И внезапно её осенило…
Накануне Бэдфорд получил письмо от герцога Бургундского, в котором тот выражал свою полнейшую готовность оказать военную помощь английской стороне, но только на определённых условиях. Эти условия вывели из себя его светлость и весь вчерашний вечер он буквально рвал и метал, едва не сломав кулаком дубовые подпорки алькова своей супруги.
– Ваш братец требует фактического регентства, ни больше, ни меньше! – орал герцог на жену, за неимением другой головы, на которую он мог бы излить свой гнев. – Шампани ему мало! Ему требуется ещё и контроль над Парижем – полный и безоговорочный! Над Парижем! Над городом, оборона которого лишила меня целого состояния! Вы читали это, мадам?!
Герцог потряс письмом перед лицом леди Анны и самым язвительным тоном, на какой только был способен, процитировал:.
– «… теперь, когда обстоятельства вынуждают Вас вернуться в Нормандию, я готов взять на себя оборону столицы…»! Он издевается, да?! Хочет меня унизить? Человек, отозвавший свои войска в самый нужный момент!.. Ослабивший нас! Положивший начало нашим поражениям!.. А если я откажу? Что он сделает? Поклонится французскому бастарду и его, якобы, сестре?
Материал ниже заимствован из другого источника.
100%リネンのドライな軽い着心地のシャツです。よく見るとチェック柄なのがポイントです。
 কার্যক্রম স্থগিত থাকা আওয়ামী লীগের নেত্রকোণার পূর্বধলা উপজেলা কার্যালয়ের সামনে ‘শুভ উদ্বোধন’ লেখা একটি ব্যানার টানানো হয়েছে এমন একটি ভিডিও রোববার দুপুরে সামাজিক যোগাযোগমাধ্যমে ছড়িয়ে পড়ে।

Или признает это порождение коронованной шлюхи за святую деву? Думает, ему сразу всё простят и поднесут Шампань на подносе, как это делаю я?!! Что вы морщитесь, мадам? Не нравится слушать про шлюх? А вашему брату, похоже, очень нравится, что все только о ней и говорят, да ещё с таким восторгом! Хочет, видно, получить укреплённый, как крепость Париж и утереть всем нам нос тем, что выдержит осаду французской девки, до сих пор не знающей поражений?! Дескать, он – спаситель, а я просрал всё, что мог!..
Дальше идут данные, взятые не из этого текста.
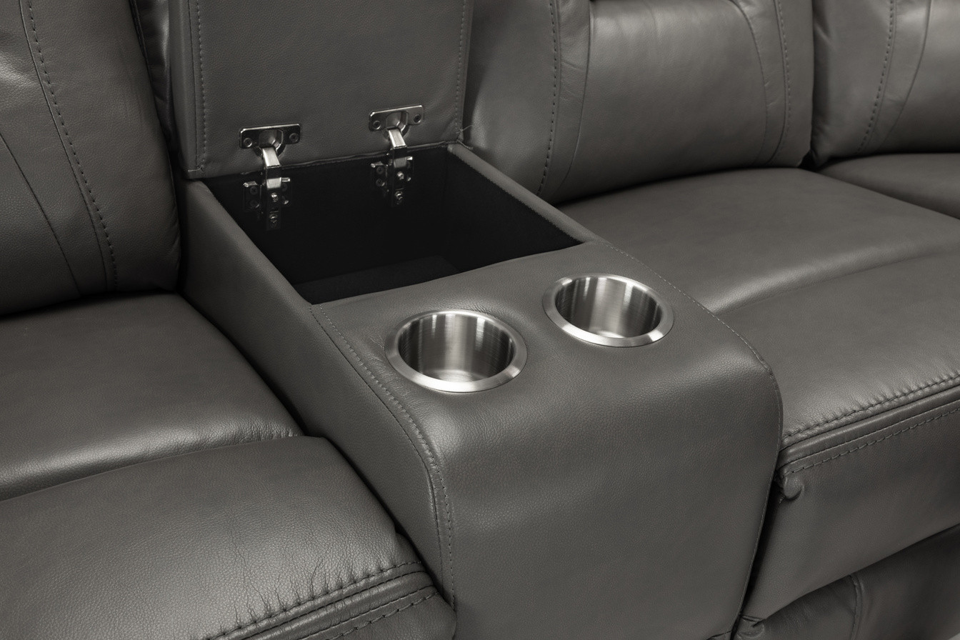 The Poppy range is available as a Large Corner in Grey Fabric, Black Faux Leather and Grey Faux Leather. This comfy large corner features a console with lift up storage and cup holders.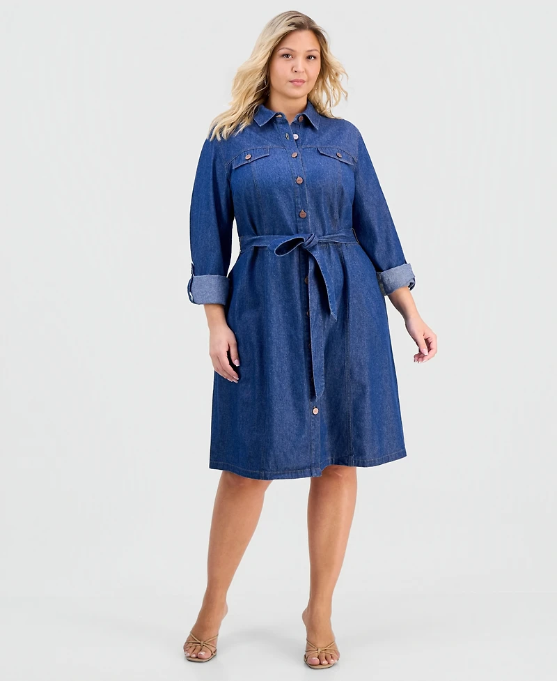 Jones New York Plus Cotton Tie-Waist Chambray Dress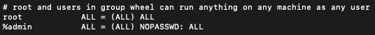 %admin ALL=(ALL) ALLwith%admin ALL=(ALL) NOPASSWD: ALL.Press ESC and enter :wq to save the settings.

Леди Анна встала. Не говоря ни слова, налила в кубок вина и поднесла мужу.
– Выпейте, милорд, – сказала ледяным тоном, который, как она знала, супруга отрезвлял лучше всего.
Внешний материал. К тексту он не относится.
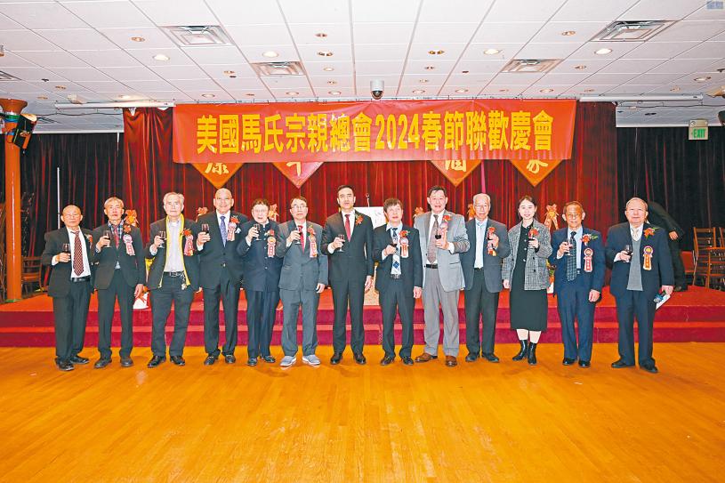 中領館代總領事宋國選致詞,他表示很高興應邀出席馬氏宗親總會春節聯歡慶會,我謹代表中總館向馬氏宗親及在座嘉賓致以誠摯的問候。馬氏宗親總會是舊金山華埠知名姓氏宗親團體,人才眾多,會務興盛,長期以來致力於謀求宗親權益、繁榮僑社經濟、弘揚中華文化、增進中美友好,成績突出,有目共睹,謹向大家表示敬意和感謝!剛剛閉幕的全國「兩會」,讓世界感受到中國高質量發展的澎海春潮。不久前,習近平主席會見美國工商果和戰略學術界代表,他指出,中國經濟是健康、可持續的。中國將持續推動高質量發展,持續推進中國式現代化。中國的改革不會停頓,開放不會止步,中國將持續建設市場化、法洽化、國際化的一流營商環境,為包括美國企業在內的各國企業提供更廣闊的發展空間。今年是中美建交 45周年。45 年來,中美關系歷經風雨,總體向前發展。中美關系是世界上最重要的雙邊關系之一。只要雙方都把對方視為伙伴,相互尊重、和平共處、合作共贏,中美關系就會好起來。我們期待廣大僑胞和各界朋友積極發揮橋樑紐帶作用,增進兩國各界人士多來往、多交流,不斷積累共識、增進信任、排除千擾、深化合作,為中美友好添磚加瓦。最後,祝願馬氏宗親總會會務昌隆,蒸蒸日上。祝各位鄉親龍年大吉,龍馬精神,闔家幸福,萬事如意。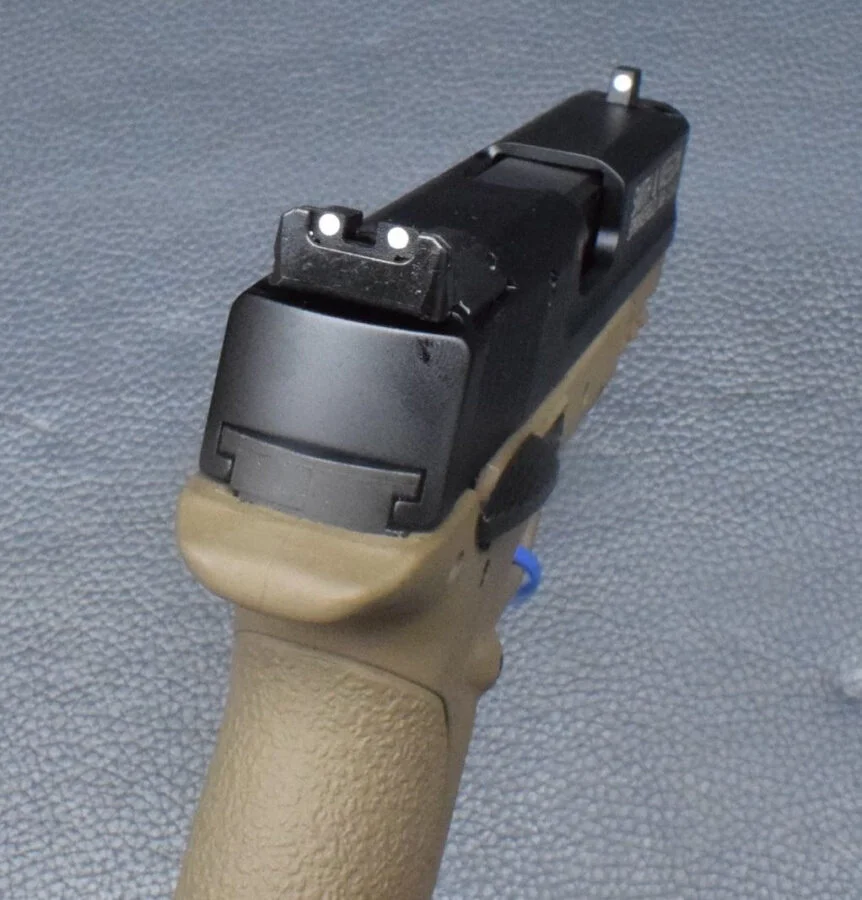 Als Visierung dient der MP 22 eine verstellbare Kimme mit zwei weißen Punkten und ein Korn mit einem weißen Punkt.

Кто-то однажды ей сказал, что таким же тоном усмирял когда-то братьев король Гарри. Сама леди Анна этого знать не могла, но в действенности метода убеждалась не раз, справедливо полагая, что у людей суровых, наделённых властью, смиренная покорность вызывает только раздражение, тогда как противодействие, в любой форме, ставит в их тупик и приводит в чувство.
Так вышло и на этот раз. Красный от гнева Бэдфорд буквально опрокинул в себя поданное вино, но кубок, по обыкновению, на пол не швырнул, а только с грохотом поставил на стол, на который тут же и облокотился тяжело сопя и явно успокаиваясь.
– А теперь присядьте и послушайте. – Голос леди Анны потеплел. – Филипп требует многого, но разве вы, мой дорогой, не потребовали того же, окажись на его месте в подобных обстоятельствах? Удел любого правителя извлекать выгоду из ситуации даже самой безнадёжной. И ваша выгода сейчас в том, чтобы выполнить условия Филиппа и оставить на него Париж – пускай защищает. В качестве фактического регента он не уступит ни пяди. В любом другом случае мой брат поищет выгоду где-нибудь ещё и, да, если нужно, признает и бастарда законным наследником, и девку посланницей Божьей. Ему любой союз сгодится, но вы в этом случае ничего выгодного для себя уже не получите. А в Нормандию отступить всё равно придётся, и на кого тогда оставлять Париж – неизвестно!
Бэдфорд окинул жену недобрым взглядом.
– Надеюсь, вы не хотите сказать, мадам, что только Бургундия способна дать хороших защитников?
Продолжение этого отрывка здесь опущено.